Illustrate that on the surface data stored in a tabular structure is not inherently different from JSON. In other words, Underneath the hood all tabular data can easily be thought of as JSON-like, but not all JSON data can be thought of as tabular.

Part 2 of this series will look into more depth on how all tabular data can be thought of as just JSON by discussing R’s list data type.

I think it is fair to say that most people (myselft included) who work with data, are conventionally trained to think about storing and using data from a tabular perspective. Most well-known and commonly used software are even built around framing data into tables. For example, knowing how to use Excel is a must for anyone with a career involving data. Storing data in tables is the norm and this can be illustrated by creating the following table below.

Table 1: Students
ID	Name	Age	Major
101	John	21	Computer Science
102	James	22	English
103	Barry	18	Psychology

I think most people with any level of data literacy can read the table and understand what is being captured. We can see three different students with their ID, name, age, and major and make a safe assumption that this table holds records of students at some university or college.

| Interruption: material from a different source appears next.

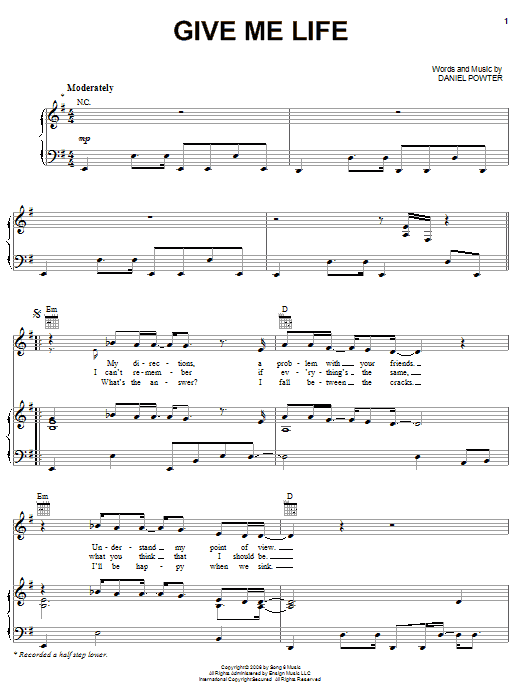 Download or print Daniel Powter Give Me Life sheet music, chords and digital score arranged for Piano, Vocal & Guitar Chords (Right-Hand Melody). This Pop score includes 7 page(s).

The same data from the table can also be stored into a JSON file. JSON data is stored in key:value pairs and the raw syntax for storing our information would look like the following:

Note - the semicolon ‘:’ indicates a key-value pair and white space was added for emphasis and clarity.

# JSON: Students 
{ "Students": [
    {
      "ID"    : 101, 
      "Name"  : "John", 
      "Age"   : 21, 
      "Major" : "Computer Science"
    },
    {
      "ID"    : 102, 
      "Name"  : "James", 
      "Age"   : 22, 
      "Major" : "English"
    },
    {
      "ID"    : 103, 
      "Name"  : "Barry", 
      "Age"   : 19, 
      "Major" : "Psychology"
    },
  ]
}

For simple cases like the one provide, I think JSON is straight forward and could be read and understood by most just as easily as the table, but I admit the table is far cleaner and concise. JSON is however more flexibile with how the same data can be stored. I will provide another example in the second half of this post but for now this will be the example to help us further understand JSON’s structure.

Comparing Tabular and JSON Data

By now, I hope you are somewhat interested in JSON but I also expect some readers to be thinking something along the lines of, “I can see how the simple data is stored in JSON but why should I care about it and continue reading when the table works just fine, simple to understand and use, and can be used to reach a broader audience?” In my opinion, I think one major reason is because there is a very common problem that arises when working with and managing data from a tabular perspective that is not often discussed unless you are a database manager or care deeply about technical issues when storing and retrieving data. The problem boils down to, what do you do when a record of data can take more than one response?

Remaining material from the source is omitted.